According to the present invention, the separation of enantiomers and diastereomers of (1R,2R) -1, 2-cyclohexanedimethanol can be achieved simultaneously by process optimization using gas chromatography. The enantiomer and the diastereomer have the same kind, number and connection sequence of atoms in the molecules, but are molecules which cannot be superposed, the physical and chemical properties are extremely similar, and the separation is difficult, because the cyclodextrin units are formed by chiral carbon atoms, the structure has chiral recognition function, the separation mechanism comprises inclusion mechanism, association mechanism, conformation induction mechanism, host-guest interaction mechanism and the like, and the strong and weak conformation matching and interaction between the enantiomer and the diastereomer and the cyclodextrin of the stationary phase play a role in separation.
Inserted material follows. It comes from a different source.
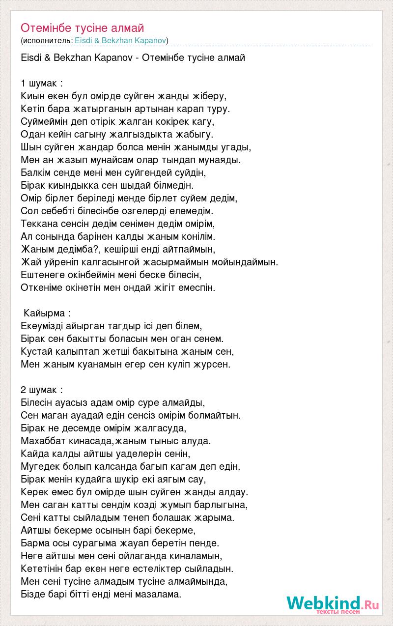 Eisdi & Bekzhan Kapanov - Отемiнбе тусiне алмай 1 шумак : Киын екен бул омiрде суйген жанды жiберу, Кетiп бара жатырганын артынан карап туру. Cуймеймiн деп отiрiк жалган кокiрек кагу, Одан кейiн сагыну жалгыздыкта жабыгу. Шын суйген жандар болса менiн жанымды угады, Мен ан жазып мунайсам олар тындап мунаяды. Балкiм сенде менi мен суйгендей суйдiн, Бiрак киындыкка сен шыдай бiлмедiн. Омiр бiрлет берiледi менде бiрлет суйем дедiм, Cол себебтi бiлесiнбе озгелердi елемедiм. Теккана сенсiн дедiм сенiмен дедiм омiрiм, Ал сонында барiнен калды жаным конiлiм. Жаным дедiмба?, кешiршi ендi айтпаймын, Жай уйренiп калгасынгой жасырмаймын мойындаймын. Ештенеге окiнбеймiн менi беске бiлесiн, Откенiме окiнетiн мен ондай жiгiт емеспiн. Кайырма : Екеумiздi айырган тагдыр iсi деп бiлем, Бiрак сен бакытты болaсын мен оган сенем. Кустай калыптап жетшi бакытына жаным сен, Мен жаным куанамын егер сен кулiп журсен. 2 шумак : Бiлесiн ауасыз адам омiр суре алмайды, Cен маган ауадай едiн сенсiз омiрiм болмайтын. Бiрак не десемде омiрiм жалгасуда, Махаббат кинасада,жаным тыныс алуда. Кайда калды айтшы уаделерiн сенiн, Мугедек болып калсанда багып кагам деп едiн. Бiрак менiн кудайга шукiр екi аягым сау, Керек емес бул омiрде шын суйген жанды алдау. Мен саган катты сендiм коздi жумып барлыгына, Cенi катты сыйладым тенеп болашак жарыма. Айтшы бекерме осынын барi бекерме, Барма осы сурагыма жауап беретiн пенде. Неге айтшы мен сенi ойлаганда киналамын, Кететiнiн бар екен неге естелiктер сыйладын. Мен сенi тусiне алмадым тусiне алмаймында, Бiзде барi бiттi ендi менi мазалама.

According to the utility model discloses, can show improvement work efficiency just the utility model discloses verify (specificity, sensitivity, linearity and scope, instrument precision, repeatability, middle precision, solution stability, rate of recovery and durability) through the method, each index all meets the requirements to can accurate ration.

According to the utility model discloses, (1R,2R) -1, 2-cyclohexane dimethanol isomer's gas chromatography detection device's advantage lies in:

high sensitivity.

High selectivity: isomers with very similar properties can be effectively analyzed.

High performance (high efficiency): complex samples of the components can be separated into individual components.

Fourthly, the speed is high: the general analysis can be completed within half an hour, which is beneficial to guiding the controllable production.

Drawings

FIG. 1 is a chromatogram of the separation of enantiomers and diastereomers of the examples of the invention from (1R,2R) -1, 2-cyclohexanedimethanol.

Fig. 2 is a chromatogram map of the specificity of the solvent (methanol) in the embodiment of the present invention.

FIG. 3 is a schematic structural diagram of a gas chromatography detection apparatus for isomers of (1R,2R) -1, 2-cyclohexanedimethanol according to the present invention.

Detailed Description

The present invention will be described in detail with reference to the following embodiments, which are provided only to help understanding the technical solutions provided by the present invention, but not to limit the protection scope of the present invention; the invention can be implemented in numerous different ways, as defined and covered by the claims.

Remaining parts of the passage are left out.